С тех пор Лузи — очевидно, в наказание — постоянно сопровождал Шмерл, точно к боку его прирос.
Вот примеры. Однажды в четверг ночью Лузи сидел в молельне за фолиантом, как он обыкновенно делал в ночь на пятницу. Было уже поздно. Все уснули, и только он один сидел у пюпитра и, держа свечу в руке, освещал страницы лежавшего перед ним фолианта. Лузи тоже клонило ко сну, но он сопротивлялся и не хотел голову ронять. Кругом было темно. И вдруг Лузи увидал двух человек, показавшихся на пороге молельни. Кто они такие, трудно было разобрать, но оба прошли от западной стороны к восточной, а когда приблизились к кивоту, один из них склонился над занавесом и поцеловал его, второй — нет.
Потом оба шагнули к месту, где сидел Лузи, и тот, который занавеса не поцеловал, подошел к Лузи вплотную и, точно гость, прибывший издалека, протянул ему руку и сказал:
— Мир вам!
— И вам также! — ответил Лузи, пока еще не видя лица гостя. И вдруг воскликнул: — Ну и ну, Шмерл!
— Да! — ответил тот, заслоняя собою второго гостя, которого Лузи не видел из-за спины Шмерла.
— Как поживаете? Откуда прибыли? — спросил Лузи.
— Что значит — откуда?
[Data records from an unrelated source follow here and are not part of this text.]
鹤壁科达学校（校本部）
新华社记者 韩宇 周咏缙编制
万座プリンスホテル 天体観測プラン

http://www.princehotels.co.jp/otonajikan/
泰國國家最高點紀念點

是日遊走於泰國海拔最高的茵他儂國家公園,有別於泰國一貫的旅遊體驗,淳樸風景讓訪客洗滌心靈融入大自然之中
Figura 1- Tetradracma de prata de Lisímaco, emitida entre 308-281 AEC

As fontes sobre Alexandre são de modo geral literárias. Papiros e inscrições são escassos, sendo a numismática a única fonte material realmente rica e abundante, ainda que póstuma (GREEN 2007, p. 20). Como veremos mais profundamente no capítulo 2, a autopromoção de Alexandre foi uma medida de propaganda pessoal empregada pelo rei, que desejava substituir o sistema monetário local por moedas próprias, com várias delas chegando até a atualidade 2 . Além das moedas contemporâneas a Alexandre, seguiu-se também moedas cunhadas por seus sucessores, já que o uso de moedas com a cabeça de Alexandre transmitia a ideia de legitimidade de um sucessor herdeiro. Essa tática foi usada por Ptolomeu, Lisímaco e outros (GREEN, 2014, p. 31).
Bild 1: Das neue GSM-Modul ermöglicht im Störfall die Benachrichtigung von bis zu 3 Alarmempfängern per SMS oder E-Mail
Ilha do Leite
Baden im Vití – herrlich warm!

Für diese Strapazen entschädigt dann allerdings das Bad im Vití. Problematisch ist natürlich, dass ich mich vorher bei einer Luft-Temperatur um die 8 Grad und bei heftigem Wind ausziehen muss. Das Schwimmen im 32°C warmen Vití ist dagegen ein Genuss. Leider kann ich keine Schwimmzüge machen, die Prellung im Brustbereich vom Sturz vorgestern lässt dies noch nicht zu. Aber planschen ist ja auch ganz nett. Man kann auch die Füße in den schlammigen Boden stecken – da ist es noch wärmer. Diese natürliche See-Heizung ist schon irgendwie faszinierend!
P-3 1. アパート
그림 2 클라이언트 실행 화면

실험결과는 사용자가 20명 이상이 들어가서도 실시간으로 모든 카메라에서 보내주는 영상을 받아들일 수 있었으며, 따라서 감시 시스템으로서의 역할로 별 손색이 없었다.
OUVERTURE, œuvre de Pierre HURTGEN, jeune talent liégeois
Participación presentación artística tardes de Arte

Оттуда! — ответил Шмерл, и Лузи сразу понял, что — с того света… Однако ничуть не испугался, как если бы услышал, что гость прибыл из другого города или с соседней улицы.
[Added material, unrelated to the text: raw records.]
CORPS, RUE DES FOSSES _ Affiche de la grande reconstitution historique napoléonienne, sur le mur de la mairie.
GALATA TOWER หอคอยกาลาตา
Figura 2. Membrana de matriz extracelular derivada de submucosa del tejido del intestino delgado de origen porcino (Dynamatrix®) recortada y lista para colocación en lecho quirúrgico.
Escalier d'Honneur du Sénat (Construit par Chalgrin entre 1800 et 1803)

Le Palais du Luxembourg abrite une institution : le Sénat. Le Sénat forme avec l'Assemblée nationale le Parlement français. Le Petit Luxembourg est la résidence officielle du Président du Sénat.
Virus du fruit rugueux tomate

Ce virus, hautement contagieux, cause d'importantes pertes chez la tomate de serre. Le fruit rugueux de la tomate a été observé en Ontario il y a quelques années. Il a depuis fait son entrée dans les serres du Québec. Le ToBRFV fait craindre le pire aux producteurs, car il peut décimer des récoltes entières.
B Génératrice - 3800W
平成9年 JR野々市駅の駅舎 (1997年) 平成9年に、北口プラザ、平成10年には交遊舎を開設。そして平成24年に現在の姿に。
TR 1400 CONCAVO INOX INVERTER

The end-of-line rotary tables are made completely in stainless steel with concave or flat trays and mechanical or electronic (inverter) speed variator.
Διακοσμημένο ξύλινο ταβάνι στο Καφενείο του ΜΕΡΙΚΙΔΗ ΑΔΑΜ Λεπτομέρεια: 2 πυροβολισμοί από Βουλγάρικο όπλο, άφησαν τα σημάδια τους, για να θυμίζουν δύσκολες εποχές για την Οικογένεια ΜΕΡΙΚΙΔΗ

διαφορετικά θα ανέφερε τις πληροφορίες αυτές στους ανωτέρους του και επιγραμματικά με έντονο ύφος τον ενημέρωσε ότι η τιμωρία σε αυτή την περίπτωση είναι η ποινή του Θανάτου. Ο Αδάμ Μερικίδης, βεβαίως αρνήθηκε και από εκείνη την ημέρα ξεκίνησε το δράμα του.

— Ну а кто пришел с вами? — спросил Лузи без слов, лишь кивнув головой в сторону человека, стоявшего за спиной Шмерла.
— Вот, — ответил Шмерл и отодвинулся.
— Мир вам! — произнес и второй, протягивая Лузи руку.
— И вам также! — ответил Лузи, держа его руку в своей. Присмотревшись, он испугался, так как узнал самого себя, свою фигуру, одежду — тот же кафтан, ту же шапку. Он увидел своего двойника… — Что это значит? — спросил он, опять-таки не словами, а взглядом у Шмерла.
— Вы же сами все видите, — сказал Шмерл, улыбаясь, словно речь шла о чем-то обычном, не вызывающем удивления. — Чему вы удивляетесь? Мы с вами, кажется, ладили, жили в мире, не ссорились и претензий друг к другу не имели — на этом свете. Разве вам не хочется, чтобы наша дружба продолжалась и там?
— Нет, — неуверенно ответил Лузи.
— Нет? Но покуда вы, Лузи, находитесь здесь, я там хожу с вашим двойником и чувствую с ним себя так, как всегда чувствовал себя с вами: мы во всем едины, согласны, довольны друг другом, если не считать расхождения в мелочах — в том, например, что он целует занавес у кивота, а я — нет. Но ведь это же никому вреда не приносит? Или вы имеете что-нибудь против?
— Нет, — повторил свой ответ Лузи, глядя со страхом и любопытством на своего двойника, и если раньше он видел его совершенно ясно, то теперь двойник стал, словно легкий туман, исчезать. — Ну а каково вам там? — стараясь не смотреть на двойника, спросил Лузи, обращаясь к Шмерлу.
— Так же, как и здесь, — ответил тот, улыбаясь.
— Серьезно? — спросил Лузи и, поддавшись легкомысленному тону Шмерла, сам был готов шутить по поводу вещей, с которыми шутить не полагается. — А как насчет ада, который ваши противники предрекали вам за дурное поведение и богопротивные дела?
— Ад, — пошутил Шмерл, — пустует и погашен, он не горит, не жарит и не шпарит.
— Вот как? — спросил Лузи и вдруг ощутил на руке ожог от свечи, которая освещала лежавший на пюпитре фолиант… И тут он проснулся и увидел, что свеча накренилась, тает и каплет воском на листы, а пламя едва не охватило книгу.
Лузи протер глаза и, конечно, никого перед собою не увидел. Но вот что удивительно: он не только не почувствовал на сердце тяжести от этой встречи, которая могла бы послужить дурной приметой, но, напротив, не находил в сердце ни одного уголка для меланхолии и тяжелых воспоминаний… Он начал читать с еще большим прилежанием, как после желанной встречи.